A Dallas judge said Monday she “would not” and “could not refuse” giving a hug and Bible to the former police officer she had just sentenced to 10 years behind bars for killing unarmed neighbor, Botham Jean.

District Judge Tammy Kemp, who is black, has come under fire for the compassion she showed last week to Guyger, who was convicted of second-degree murder.

Guyger, who is white, accidentally barged into the apartment of her black neighbor on Sept. 6 last year. Believing Jean was an intruder, Guyger, who had just finished a shift, drew her weapon and gunned down Jean, 26, in his own home.

During Guyger’s sentencing hearing, the victim’s brother, Brandt Jean, also said he wished Guyger well and also hugged her.

State District Judge Tammy Kemp gives former Dallas Police Officer Amber Guyger a hug before Guyger leaves for jail on Oct. 2, 2019, in Dallas.Tom Fox / Dallas Morning News via AP

Both his and Kemp’s physical embrace of Guyger, 31, have angered some in the African American community.

“Following my own convictions, I could not refuse that woman a hug. I would not,” Kemp, who has acknowledged her Christian faith, said in an interview with The Associated Press.

“And I don’t understand the anger.
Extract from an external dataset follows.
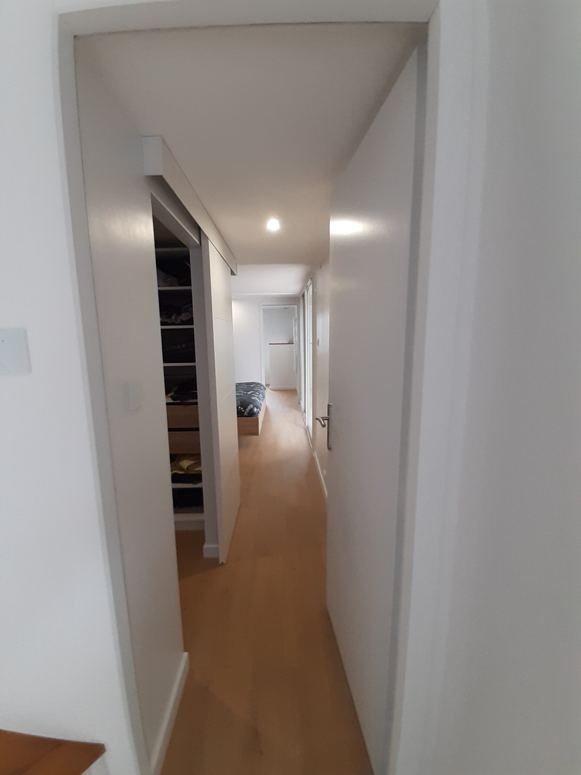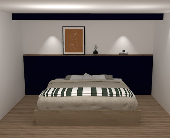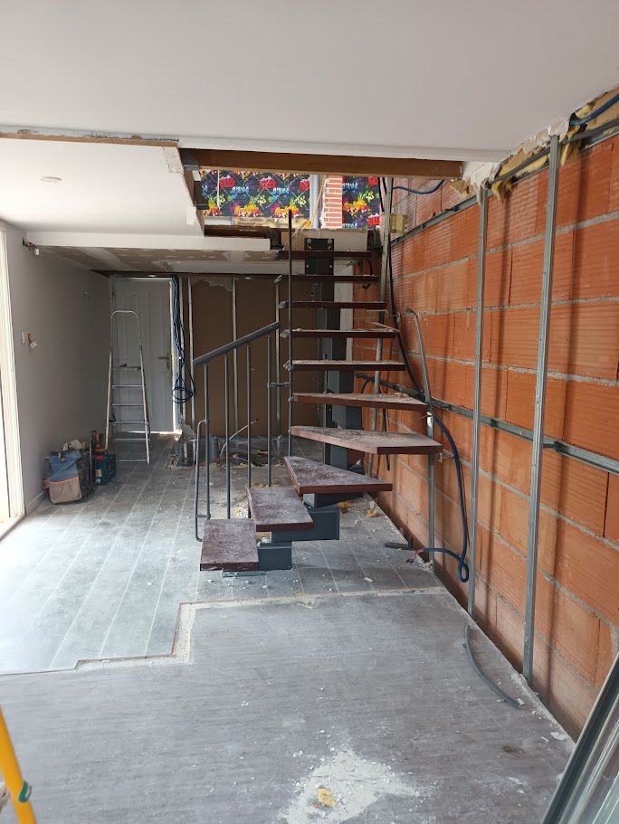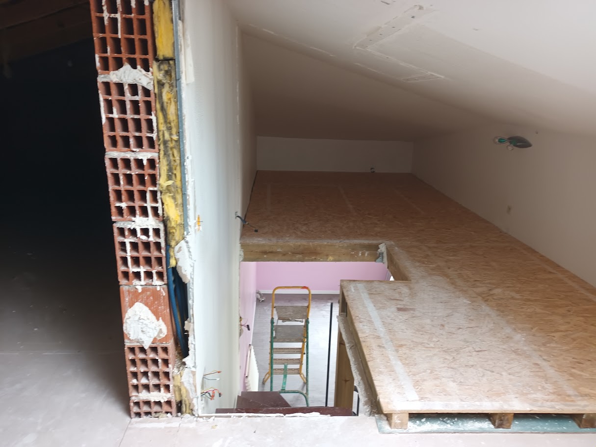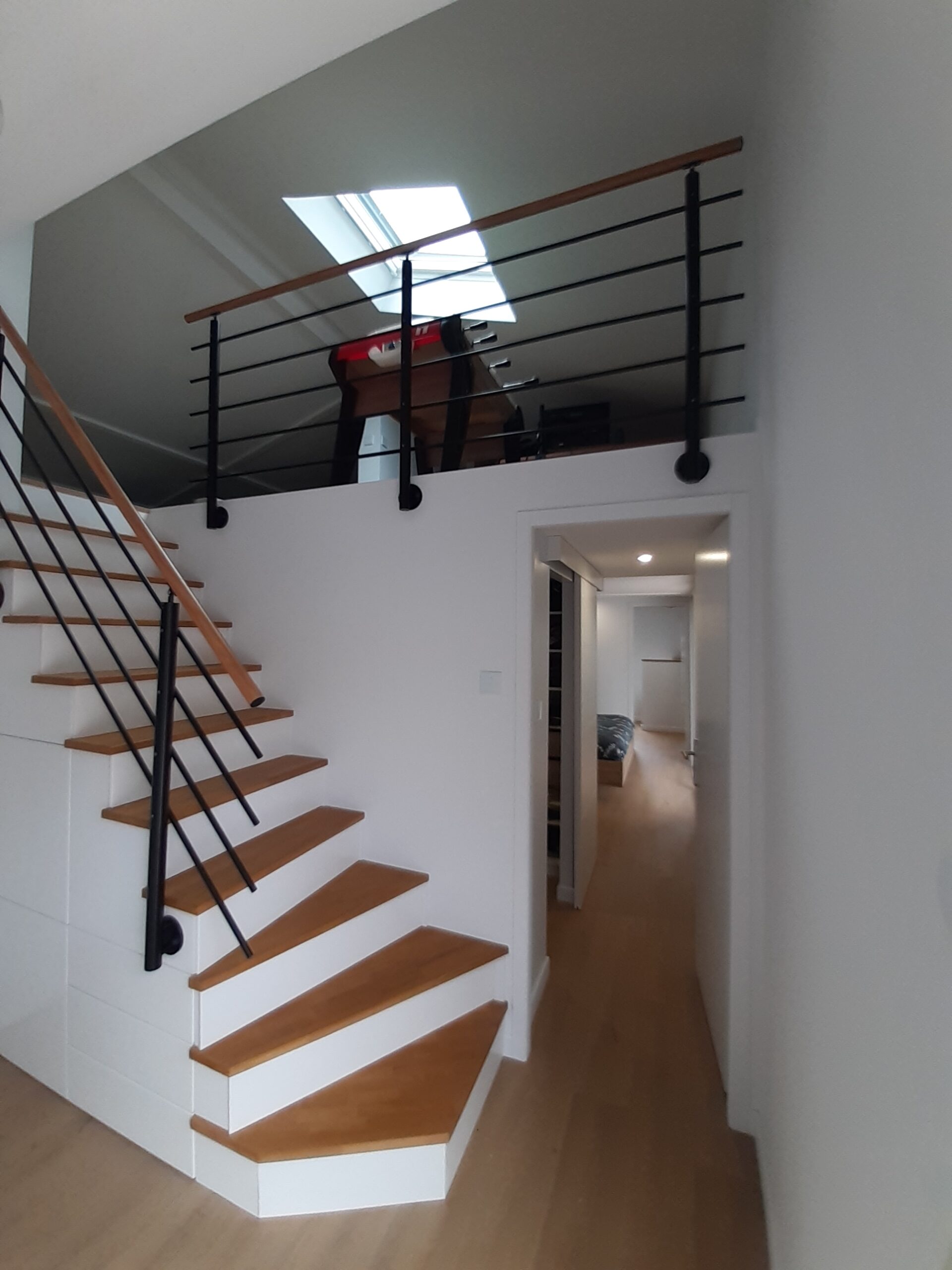 Sur ce projet, mes clients souhaitaient revoir l’agencement de leur suite parentale qui n’en était pas vraiment une puisque l’escalier qui permettait d’accéder à l’étage était entre la salle de bain et la chambre. Nous avons donc tout déposé (salle de bain/escalier) pour tout remettre dans le “bon ordre”. Pour cela, il a fallu boucher la trémie pour en ouvrir une autre et ainsi créer un autre accès à l’étage. Une partie de l’étage était déjà aménagée, nous avons ouvert les cloisons restantes pour accéder au reste des combles et ainsi créer un grand plateau bureau/salle de jeu/chambre d’amis/rangements…à l’étage.

And I guess I could say if you profess religious beliefs and you are going to follow them, I would hope that they not be situational and limited to one race only.”
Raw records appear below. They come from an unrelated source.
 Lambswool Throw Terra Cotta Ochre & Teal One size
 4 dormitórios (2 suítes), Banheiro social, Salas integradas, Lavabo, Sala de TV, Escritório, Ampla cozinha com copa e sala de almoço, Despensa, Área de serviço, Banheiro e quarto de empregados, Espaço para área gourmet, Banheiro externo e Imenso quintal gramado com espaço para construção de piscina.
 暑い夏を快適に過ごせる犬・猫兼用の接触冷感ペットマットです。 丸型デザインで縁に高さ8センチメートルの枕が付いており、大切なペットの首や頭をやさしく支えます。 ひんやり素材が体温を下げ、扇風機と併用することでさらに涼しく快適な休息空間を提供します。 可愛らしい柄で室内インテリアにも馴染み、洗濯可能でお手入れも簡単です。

In Kemp’s first interview since the end of Guyger’s trial, the judge said she felt her actions were acceptable since the embrace came after all official proceedings had been completed.
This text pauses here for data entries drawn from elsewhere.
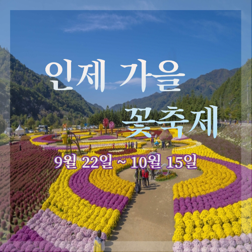강원도 인제에서 만나는 아름다운 가을꽃 축제가 오는 9월 22일(금)부터 10월 15일(일) 24일간의 일정으로 진행됩니다. 국화, 야생화정원 관람뿐만 아니라 다양한 체험 행사도 운영할 계획입니다. 모든 관람은 무료이며 프로그램 유형별로 가격이 상이하므로 확인 후 참가하시기를 바랍니다. 축제기간 동안 진행되는 이벤트도 있으니 지금부터 확인해 보겠습니다.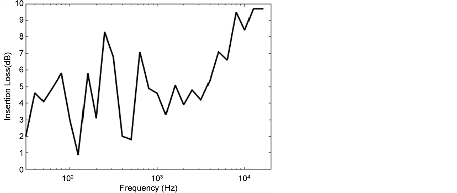 felt throughout the 1/3 octave frequency band. Insertion loss of felt material is between 1 dB and 10 dB as shown in Figure 10. Better insertion loss is obtained at higher frequencies.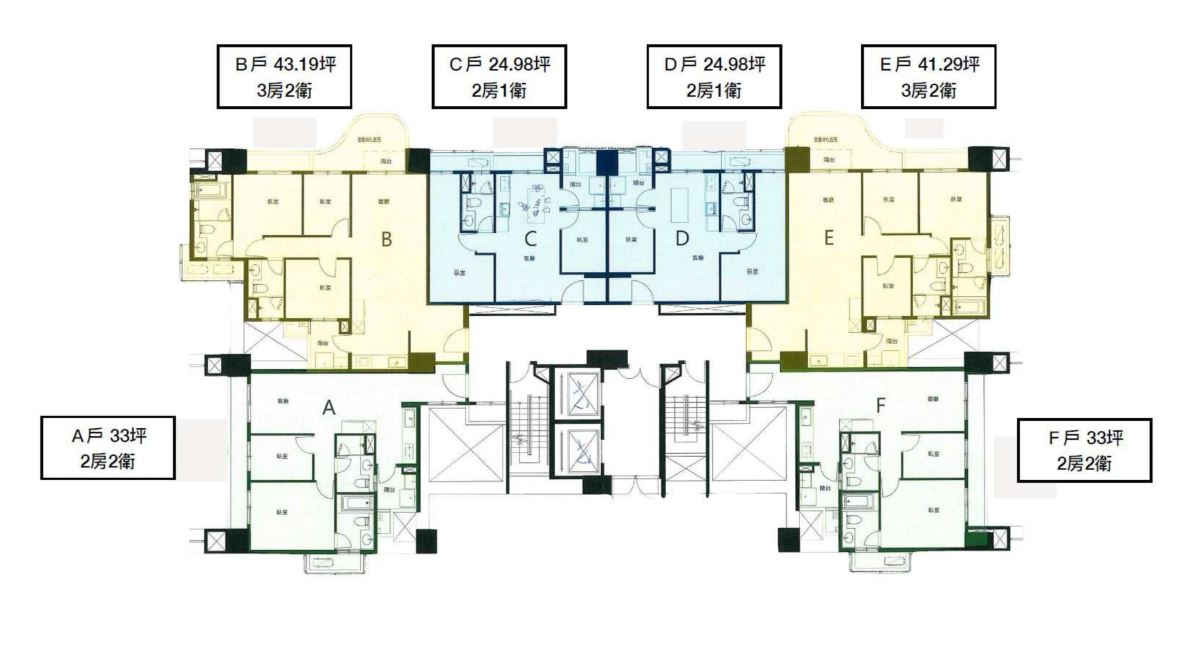 房型及坪數規劃:3房(37~46坪)

“She asked me if I thought that God could forgive her and I said, ‘Yes, God can forgive you and has,’ ” Kemp told the AP.

Kemp also handed Guyger a Bible, which drew protests from civil liberty advocates, like The Freedom From Religion Foundation, a watchdog for the separation of church and state.

“If she wanted to start with the Bible, I didn’t want her to go back to the jail and to sink into doubt and self-pity and become bitter,” Kemp said. “Because she still has a lot of life ahead of her following her sentence and I would hope that she could live it purposefully.

Source MSNBC.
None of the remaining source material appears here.